Auprès du prince-primat, cet homme grand et mince a fière allure, sanglé dans le splendide costume d'apparat magyar : bottes noires luisantes comme des miroirs, pantalon moulant étroitement les jambes musclées du cavalier, longue tunique damassée aux brandebourgs dorés,  le sabre recourbé dans son fourreau d'argent porté au côté gauche, mantelet de velours doublé de riche fourrure, retenu au col par un lourd collier rutilant de pierres avec un médaillon baroque entouré de gemmes.  Il tient à la main le bonnet de fourrure orné d'une aigrette maintenue par une superbe boucle ornée de pierres précieuses.

Ils ont tous fière allure, ces hommes barbus ou moustachus à l'aspect un peu sauvage, mais surtout Andrássy les domine d'une bonne tête et on remarque son maintien, ses gestes élégants d'homme habitué à fréquenter les salons autant qu'à galoper à bride abattue.

Cependant, aujourd'hui il parait un peu nerveux comme si intérieurement  il ressentait une sorte d'inquiétude. Ses amis pourraient mettre cela au compte de son retour et d'une mise en présence avec le souverain qui l'a condamné tout d'abord à la pendaison qui ne fut faite qu'en effigie heureusement. Lui sait de quelle nature est cette agitation qui le tourmente. Il est anxieux, impatient d'être mis en présence de l'impératrice dont ne cesse de lui parler Ida Ferenczi (jeune fille de petite noblesse et lectrice de l'impératrice) avec qui il entretient une correspondance amicale. Est-elle aussi belle qu'on le prétend ? Pourra-t-il lui parler de la Hongrie, qui, parait-il selon Ida, est chère à son cœur ?

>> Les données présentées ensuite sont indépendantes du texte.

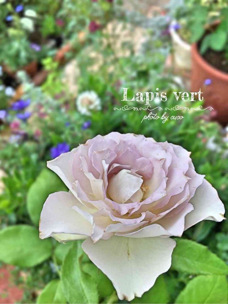 中心はラベンダー紫、外側は黄緑の花弁という(私にとって)最強の薔薇(^◇^;)

Au fur et à mesure de l'attente, il sent cette impatience grandir, ce petit frisson d'énervement, comme animal, qui le parcourt.

 

Soudain lui revient en mémoire son retour d'exil, l'amnistie qu'il devait, lui avait-on dit, beaucoup plus à l'intervention de l'impératrice qui avait plaidé la grâce des émigrés auprès de François-Joseph, qu'à l'empereur lui-même qui n'avait fait que céder aux instances de son épouse.

 

Andrássy, peu après son arrivée à Buda avait rendu visite à son vieil ami Deák Ferenc, le politicien le plus en vue, afin de discuter avec lui de la situation et de l'avenir de leur patrie. Alors que le comte se désespérait de ne jamais parvenir à fléchir le souverain, à sa grande stupeur, Deák lui avait confié ceci :

-        Rien n'est perdu, maintenant j'ai l'impression qu'il y a quelqu'un qui supporte nos intérêts, quelqu'un qui pourrait suggérer à l'empereur ce que nous voulons, qui pourrait être notre porte-parole, afin de plaider notre cause.

-        Et qui est-ce donc ? avait demandé Andrássy soudain électrisé.

-        Mais la jeune impératrice ! elle a ouvertement montré sa sympathie envers nous les Magyars et elle apprend même notre langue ! De plus, comme tu dois déjà le savoir, on dit qu'elle est très belle ; alors s'il y a quelqu'un qui saurait le mieux la gagner à notre cause, c'est toi ! tu es le genre d'homme qui a toujours du succès auprès des femmes.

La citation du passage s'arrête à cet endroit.